For decades, quantum computing has lived in a peculiar corner of the technology world. The machines have been assembled in custom-built cryogenic labs, with each qubit individually tuned by physicists, and scaling them up has been a craft problem as much as an engineering one. The semiconductor industry, by contrast, runs on a model of relentless, automated, and tightly controlled manufacturing: TSMC, Intel, and Samsung print billions of transistors per chip with yields that would have seemed miraculous a generation ago. The bet implicit in Imec's work is that quantum hardware will have to follow the same path if it is ever to become a practical technology, and that the lithography tools used for the most advanced conventional chips can be repurposed to build the building blocks of quantum machines.
The demonstration is, however, one step on a long road, and Imec itself frames it that way. Tighter gate spacing helps with coupling and control, but a useful quantum computer still has to solve problems that no one has yet solved at scale: keeping qubits coherent long enough to perform useful calculations, manufacturing them with the uniformity that semiconductor fabs demand, integrating the dense classical control electronics that drive each qubit, and bridging the gap between raw physical qubits and the error-corrected logical qubits that a real algorithm would run on.

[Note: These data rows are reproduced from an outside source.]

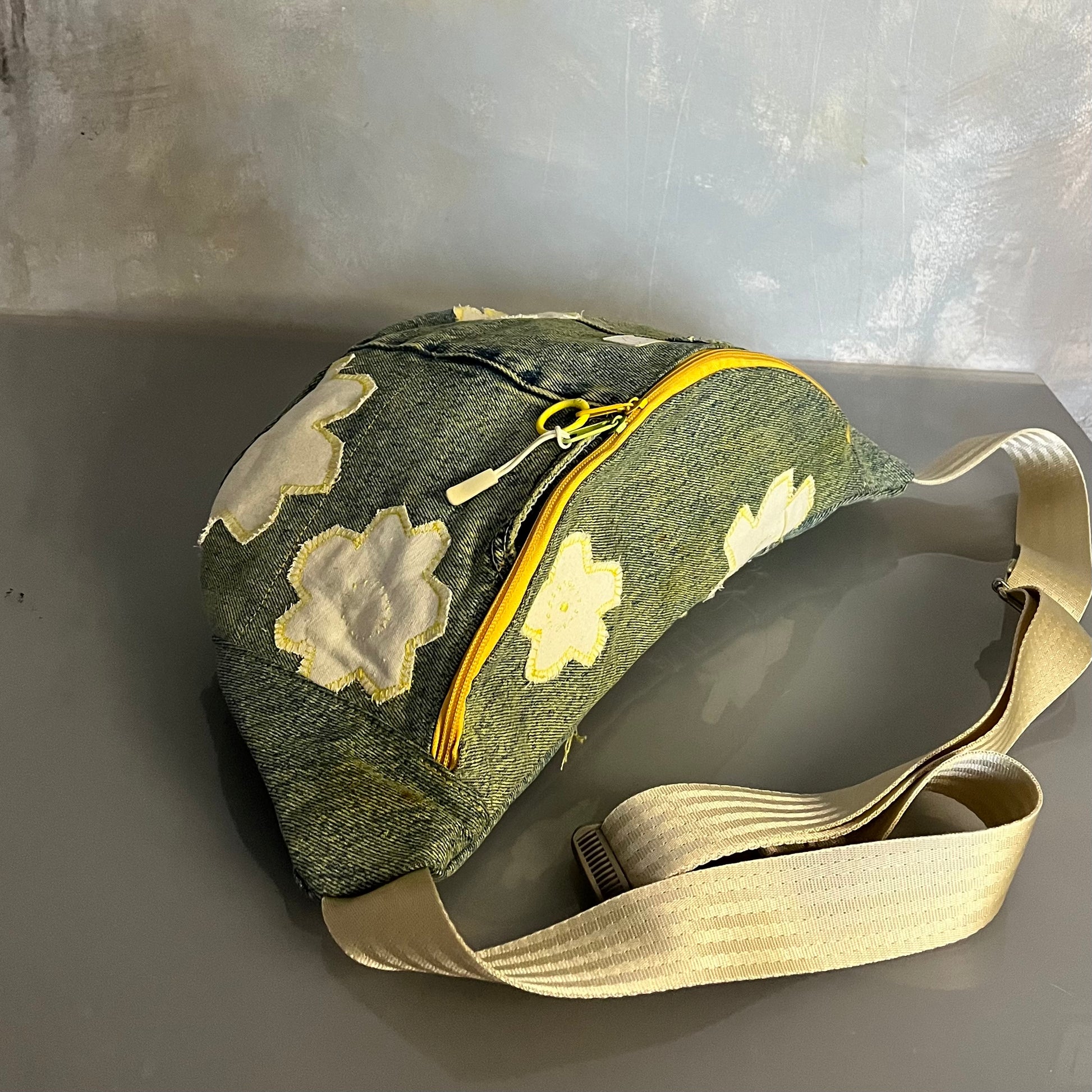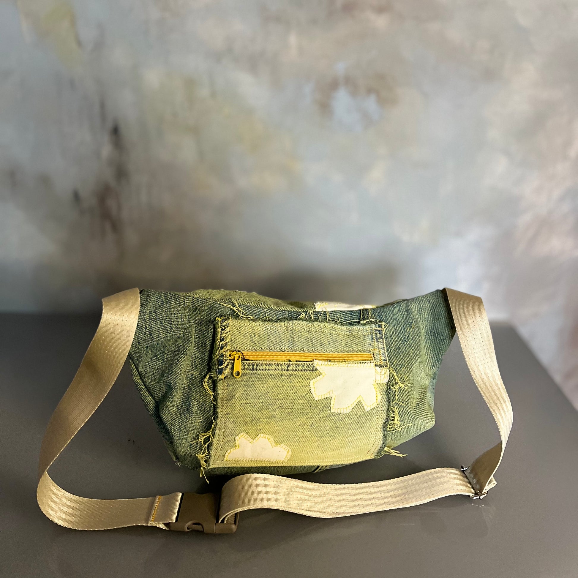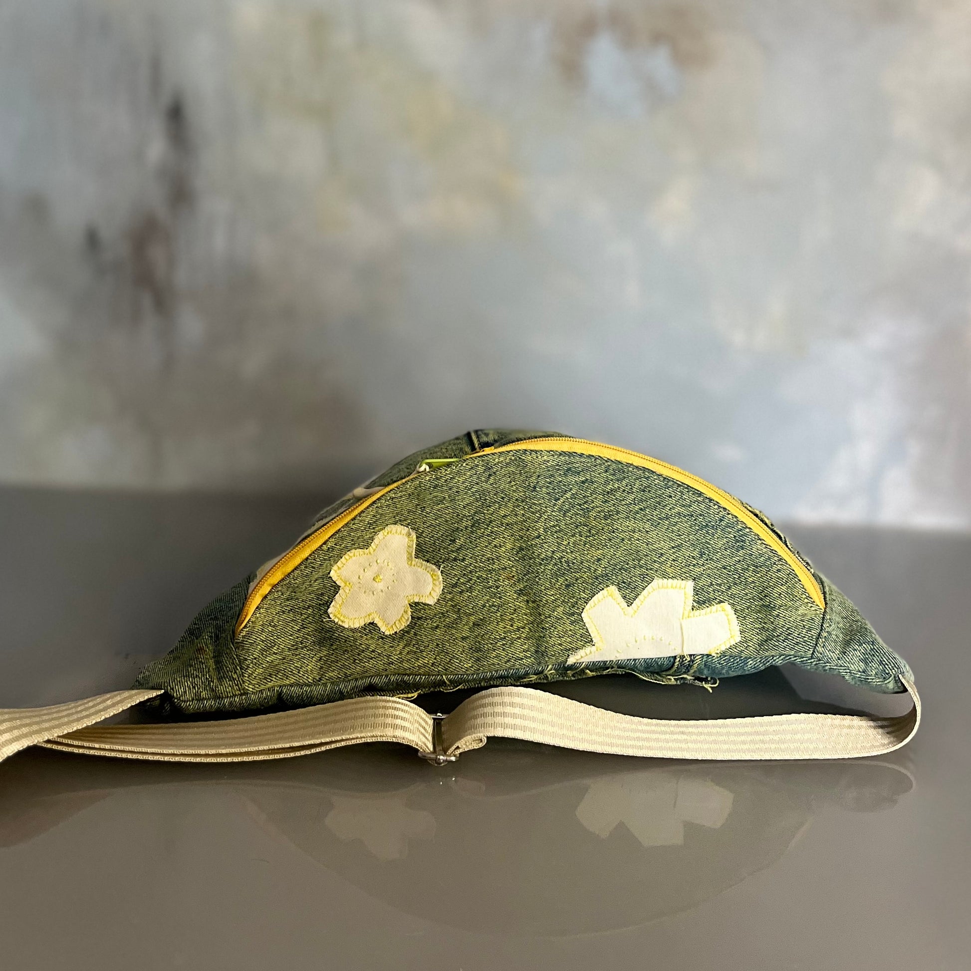 Upcyklingowa, duża nerka. Powstała z czyichś dawnych jeansów – takich, które już coś widziały, coś przeżyły, a teraz dostały nowe życie. Cała uszyta z materiału z second handu, ręcznie barwionego. Ten egzemplarz ma kolor słonecznej zieleni, jak światło przechodzące przez liście w środku dnia. Każda z nich rodzi się w mojej pracowni i żadna nie jest taka sama. To małe, materialne „tylko jedno”.
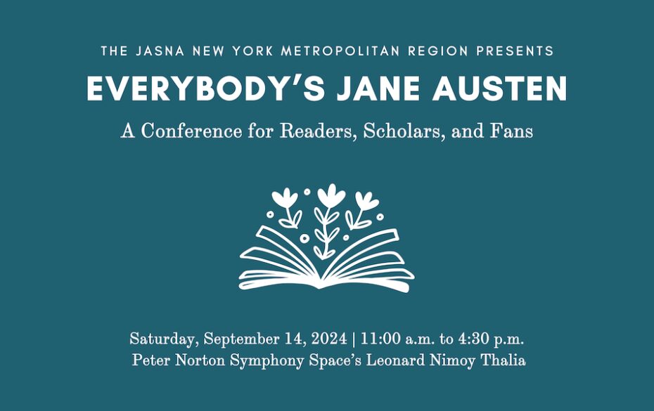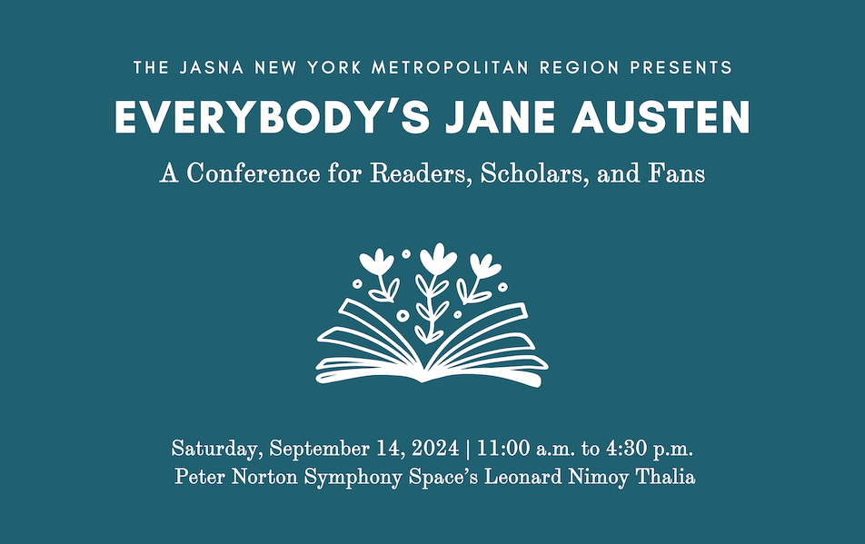 The Jane Austen Society of North America (JASNA) New York Metropolitan Region presents Everybody’s Jane Austen: A Conference for Readers, Scholars, and Fans at the Leonard Nimoy Thalia on Saturday, September 14, 2024.
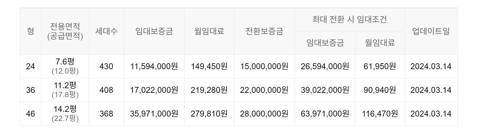 임대보증금 및 월 임대료는 입주자 모집공고일 기준이며, 보증금 최대 전환 시 변동될 수 있습니다.
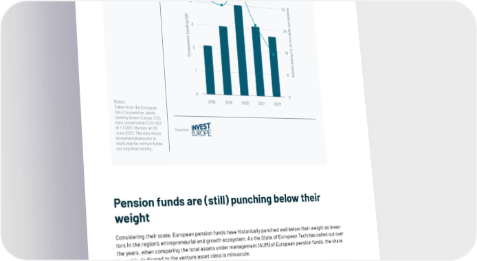 Government funding ($B) and share of government funding (%) per year, 2018 to 2022 Government funding ($B) Government agencies as 5 40 % of total funding G 4 32 o v e r n m ) e B n t $ ( a g g n 3 24 e i n d c n i u e f s t a n s e m % n o r 2 16 f e t v o o t G a l f u n d i n 1 8 g 0 0 Notes: 2018 2019 2020 2021 2022 Taken from the European Data Cooperative, devel- oped by Invest Europe. EDC data converted at EUR:USD of 1:1.0917, the rate on 30 Sources: June 2023. The data shows incremental amounts in each year for venture funds, not only final closing. Pension funds are (still) punching below their weight Considering their scale, European pension funds have historically punched well below their weight as inves- tors in the region’s entrepreneurial and growth ecosystem. As the State of European Tech has called out over the years, when comparing the total assets under management (AUM) of European pension funds, the share from this dedicated to the venture asset class is minuscule. In 2022, just 0.024% of pension fund AUM was invested into European VCs, in line with the average of the last 昀椀ve years. This is based on the reported assets of European pension funds, standing at $3.4 trillion. Adding in the assets managed in the United Kingdom would double these AUM and hence halve the share going to VC. Positively, there has been a small number of notable developments across Europe this year. The UK govern- ment, for example, added 昀氀exibility earlier this year on a fee cap previously limiting pension funds to invest in VC funds. Furthermore, in October, | 212

The "world's first" label in the announcement is Imec's own characterization, not an independent benchmark, and the underlying numbers come from a roadmap talk at a research forum rather than a peer-reviewed paper.
What to watch next: whether Imec and its partners publish the technical details behind the six-nanometer gate pitch in a peer-reviewed venue, whether the qubit performance metrics, including coherence times, gate fidelities, and yield across a wafer, match the manufacturing story the lithography tool enables, and whether the broader industry, including the foundries and equipment vendors who already own High NA EUV systems, treats the demonstration as a genuine manufacturing inflection point or as a clever one-off.